中村とうよう死す

July 22 [Fri], 2011, 21:50
ほんとなんだろうか?
にわかに信じ難いのだけれど、去年末にミュージック・マガジン社の会長職を退かれたり、武蔵野美術大学に自らの膨大なコレクションを寄贈されたり、というのは予兆だったのだろうか。

ミュージック・マガジンの初代編集長で音楽評論家の中村とうようが自死された。享年79歳。

音楽好きならおよそ誰もが座右の雑誌としているのが『ミュージック・マガジン』とその姉妹紙『レコード・コレクターズ』(そして、すでに廃刊になった『季刊ノイズ』)。いずれもミュージック・マガジン社発行で、中村とうようが創りあげた雑誌だ。

ぼくも全くのご多分にもれず高校生の頃からずっと読んできた雑誌だ。大学生になってからは音楽好きの友人とバック・ナンバーから増刊号からむさぼるように読んだ。上記の通り、音楽好きにとってはまさにバイブルなわけで、これをよく知らない、だとか、読んだことない、だとか言う奴は「ああ、こいつはしょーもないミュージシャンだな」とか「こいつとマジに話しても仕方がないな」という具合にぼくは判別させていただいている。まさに、踏絵にぴったりなのだ。

それほどまでに立派なポピュラー音楽文化を日本語によって創りあげたのが中村とうようであり、それを担っていたのが他ならぬ上記の雑誌だった。少なくともぼくはそう思っている。言ってみればぼくの頭に詰まっているもの、およそ音楽の知識であるとか、価値基準であるとか、評論の手法であるとか、ものの考え方なんてものは中村とうようの借りものだ。

とうようさんに音楽の楽しみ方を教わったおかげでぼくは人生楽しんでおります。ありがとうございました。

最後にとうようさんが生前、確か「とうようズトーク」というコラムで書かれていたと思うのだが「私の葬式に流してほしい」とおっしゃっていた花*花の「さよなら大好きな人」の歌詞を抜粋したい。
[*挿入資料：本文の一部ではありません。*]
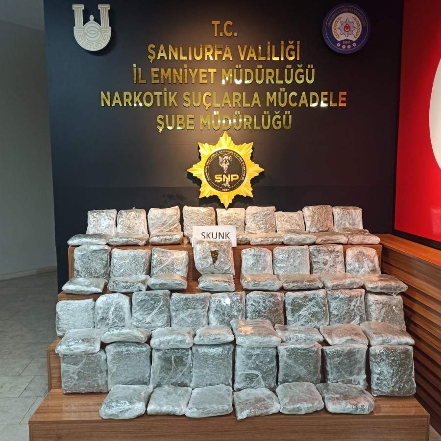 yapılan aramada 67 paket halinde 38 kilo 100 gram kimyasal uyuşturucu (skunk)

それこそ地球上のあらゆる音楽を聴いてこられたとうようさんが日本のヒット・チャートにのるような歌謡曲を挙げるなんて!と、意外に思ったりしたが、ヌスラット・ファテ・アリ・ハーンやフェラ・クティと同じようにテレサ・テンや都はるみを高く評価していたのがとうようさんだった。いや、それよりなにより、この曲は実にとうようさんのお葬式にぴったりの曲なのだ。

花*花 「さよなら大好きな人」作詞こじまいづみ 作曲こじまいづみ 
(2000年)ワーナーミュージック・ジャパン WPCV-10107

   さよなら大好きな人
   さよなら大好きな人
   ずっと大好きな人


中村とうようさんの死を深く哀悼します。